During a University of London cleaners’ strike-cum-protest outside a funder’s event at Senate House, high profile guests in evening attire dodged protestors as they tried to enter the soiree, losing the university face – as well as money for the extra security they had to hire.

“There’s an additional cost to them and an additional cost from the contractor; it’s not just about embarrassment, you also have to have an economic impact” says Emiliano Mellino, an organiser with the IWGB.

It’s these types of radical tactics that bigger unions will have to adopt if they are to tackle the challenges to workers’ rights that Brexit appears set to bring.

While institutions like the University and College Union (UCU) have failed to secure academic staff a pay rise in nine years, the UVW secured in-house jobs for all its cleaners at the LSE after just ten months of strikes, several protests and two occupations of the university campus – ensuring they would receive the employee benefits denied to them while working for an outsourced private contractor.

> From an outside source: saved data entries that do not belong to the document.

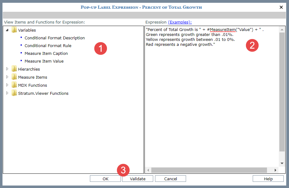 View Items and Functions for Expression – Use the view items and functions to define your pop-up label expression by clicking on or dragging and dropping the item into the Expression area. The conditional format name, description, and rule can be included in the pop-up label, as well as the caption and value of the associated measure item. The hierarchies, attribute relationships, and measure items associated with the view can be included in the pop-up label. You can also key static text directly into the Expression portion of the window. Note: If you use the Conditional Format variables in an expression and no conditional format exists for the measure item, then three blank spaces will display for the variables in the resulting pop-up label. The same is true for Conditional Format Rule variables in use in cases where a rule for the corresponding conditional format would produce a null value for the measure item. MDX Functions and Stratum.Viewer Functions – The MDX Functions folder provides you with numeric, member, date, tuple, and other functions that can be used in building the expression. The Stratum.Viewer Functions folder contains Viewer-specific functions that can be used for building the pop-up label expression. |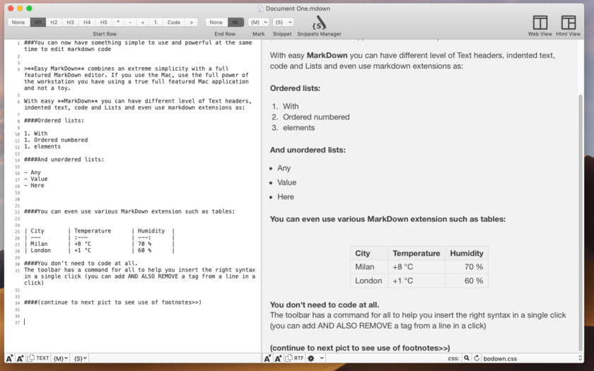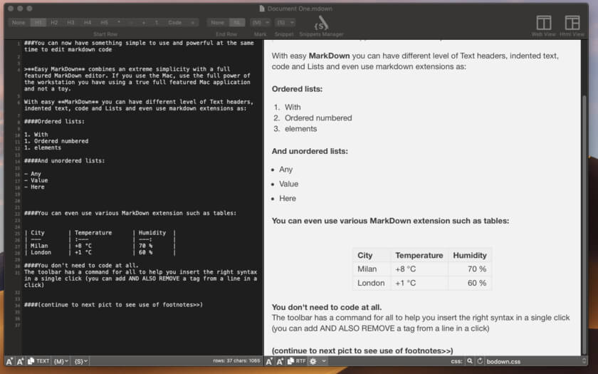 Easy Markdown lets you create Web pages just writing plain text with Markdown syntax. In Easy Markdown the window is split in two parts. As you type plain text on the left, you see on the right the resulting web page as it will be seen on the web.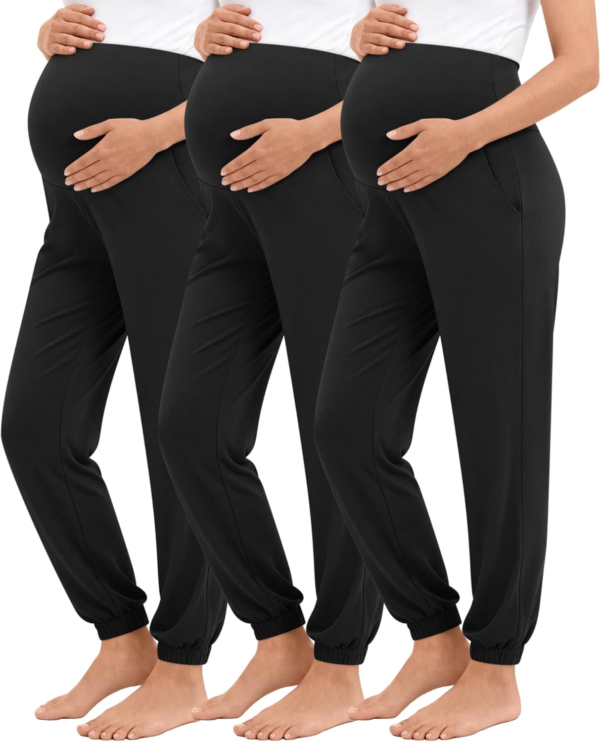 Neer 3 Pack Women's Maternity Pants Over The Belly Stretchy Joggers Pregnancy Casual Lounge Pants with Pockets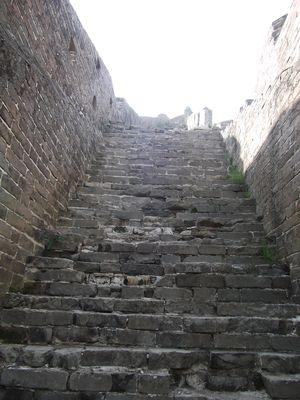| Comme on a pas choisi la partie la plus touristique, la muraille n'est pas restauree et par endroit ca monte dur et il faut etre prudent. On a marche sur la muraille pendant deux bonnes heures, c'etait genial. |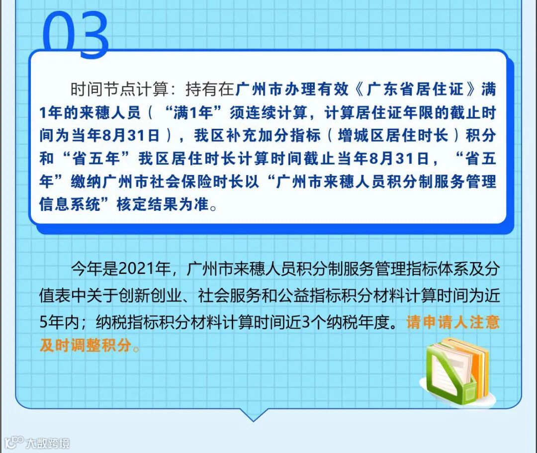 持有在广州市办理有效《广东省居住证》满1年的来穗人员(“满1年”须连续计算,计算居住证年限的截止时间为当年8月31日);我区补充加分指标(增城区居住时长)积分计算时间截至当年8月31日。广州市来穗人员积分制服务管理指标体系及分值表中关于创新创业、社会服务和公益指标积分材料计算时间为近5年内;纳税指标积分材料计算时间为近3个纳税年度(如2021年申请或调整积分,计算时间为2018年1月1日至2020年12月31日)。特别提示,信息系统将自动调整申请人的年龄和居住证的积分,无需申请人提出积分调整。

More prominent unions can adapt, but it will involve letting go of centralised power and giving autonomy back to workers to run their own campaigns; just like the University of London cleaners. There is form for this: Unite and GMB are organising cleaners in the public sector and recently the Bakers Union won the most significant pay rise for McDonald’s workers in ten years.

If workers want their rights protecting after Brexit, they can’t rely on Theresa May’s goodwill. They’ll have to start doing it for themselves. What’s more, there is little point waiting until the UK has left the EU to begin the fight: the battle for workers’ rights needs to being now, while there is still time to influence the type of Brexit we might get.